*** Begin section ***
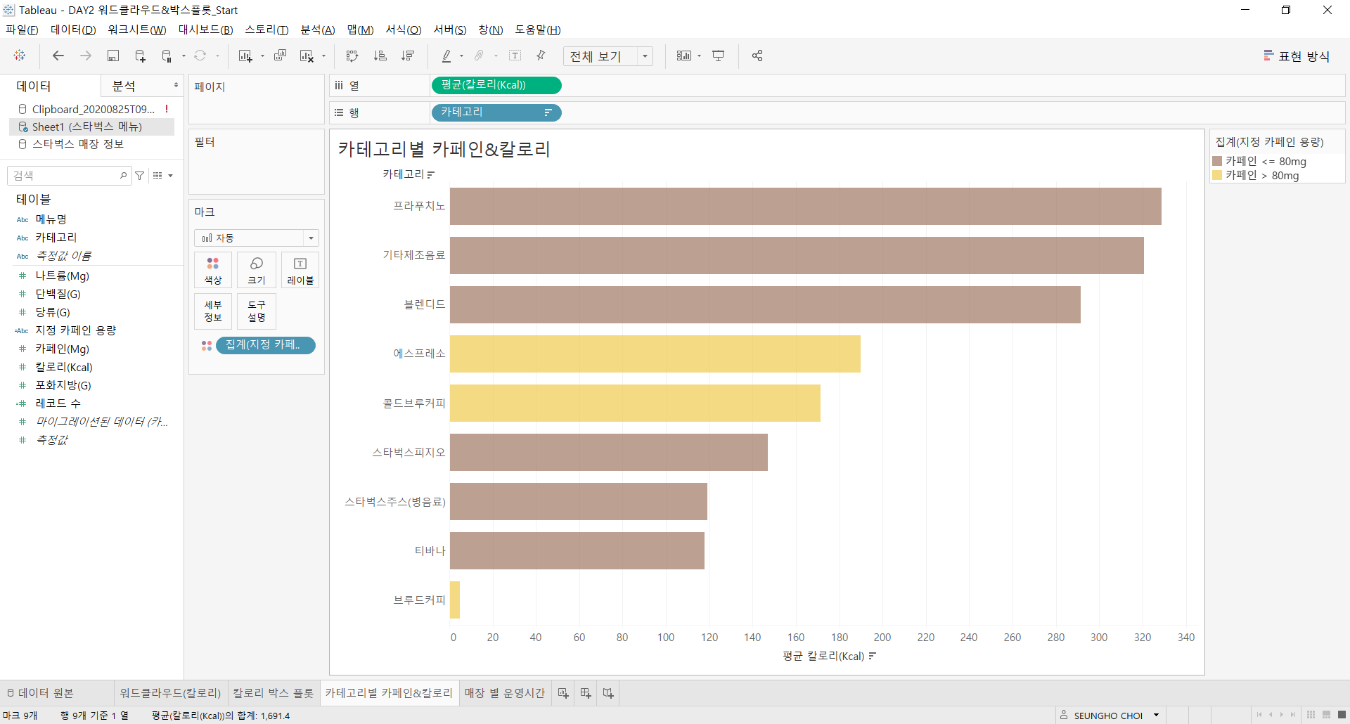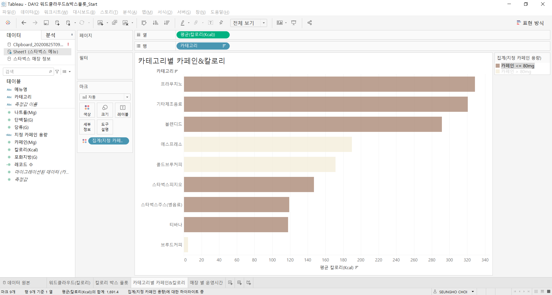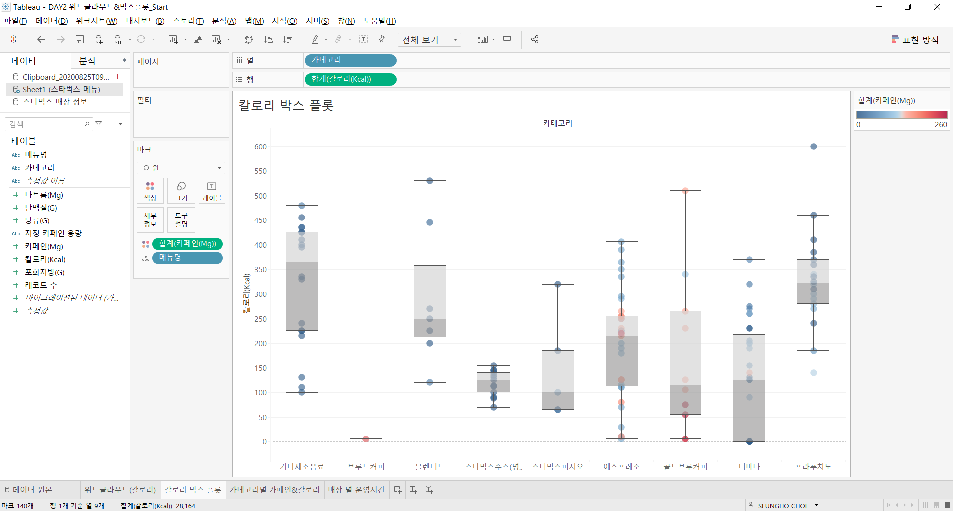 [Tableau] (Day 2) 스타벅스 데이터 시각화 2 본문
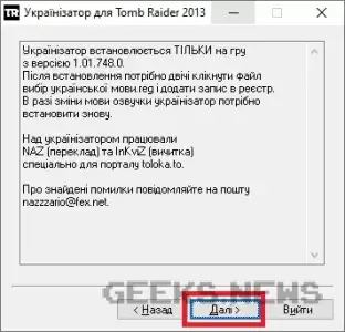 Після завершення встановлення, закрийте українізатор, та насолоджуйтесь грою.
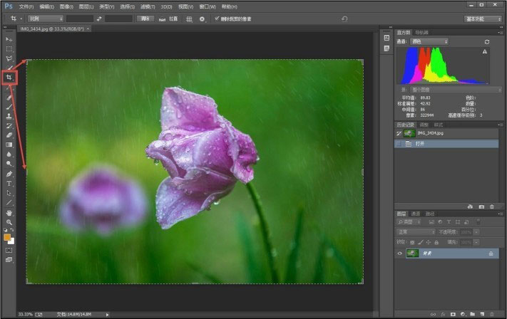 在软件左侧的工具栏中,选“择裁剪工具”,此时可以发现照片四周出现了明显的裁剪边线。
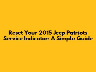 Hey guys! So, you're looking to reset the service indicator light on your 2015 Jeep Patriot, huh? Don't sweat it; it's a pretty straightforward process. This guide will walk you through how to easily reset that pesky light and get your Patriot back to its glory. We'll cover everything, from the basic steps to what you need to know to keep your Jeep running smoothly. Let's dive in! Resetting the service indicator isn't just about getting rid of a light; it's about keeping track of your vehicle's maintenance schedule. Regular maintenance is super important to keep your Jeep in tip-top shape, ensuring it runs reliably and efficiently. Ignoring the service indicator light can lead to missed maintenance, potentially causing more significant and costly issues down the road. That little light is your friendly reminder to take care of your car! Before you begin, it’s always a good idea to have your owner's manual handy. It provides specific details about your vehicle and any potential variations in the reset procedure. While the steps outlined here generally apply to the 2015 Jeep Patriot, your manual is the ultimate source of truth. Make sure your Patriot is parked on a level surface and the parking brake is engaged before you start the reset process. Safety first, always! Also, consider jotting down the current mileage. This helps you track when the next service is due. Being proactive about your car’s maintenance not only keeps it running well but also increases its resale value. It shows potential buyers that you've cared for the vehicle, which can make a big difference when it's time to sell.
*** End section ***
▸ **Assignment**: I would like the material repeated in full and exactly, with its images omitted.

▸ **Response to the exercise**:
 [Tableau] (Day 2) 스타벅스 데이터 시각화 2 본문
 Після завершення встановлення, закрийте українізатор, та насолоджуйтесь грою.
 在软件左侧的工具栏中,选“择裁剪工具”,此时可以发现照片四周出现了明显的裁剪边线。
 Hey guys! So, you're looking to reset the service indicator light on your 2015 Jeep Patriot, huh? Don't sweat it; it's a pretty straightforward process. This guide will walk you through how to easily reset that pesky light and get your Patriot back to its glory. We'll cover everything, from the basic steps to what you need to know to keep your Jeep running smoothly. Let's dive in! Resetting the service indicator isn't just about getting rid of a light; it's about keeping track of your vehicle's maintenance schedule. Regular maintenance is super important to keep your Jeep in tip-top shape, ensuring it runs reliably and efficiently. Ignoring the service indicator light can lead to missed maintenance, potentially causing more significant and costly issues down the road. That little light is your friendly reminder to take care of your car! Before you begin, it’s always a good idea to have your owner's manual handy. It provides specific details about your vehicle and any potential variations in the reset procedure. While the steps outlined here generally apply to the 2015 Jeep Patriot, your manual is the ultimate source of truth. Make sure your Patriot is parked on a level surface and the parking brake is engaged before you start the reset process. Safety first, always! Also, consider jotting down the current mileage. This helps you track when the next service is due. Being proactive about your car’s maintenance not only keeps it running well but also increases its resale value. It shows potential buyers that you've cared for the vehicle, which can make a big difference when it's time to sell.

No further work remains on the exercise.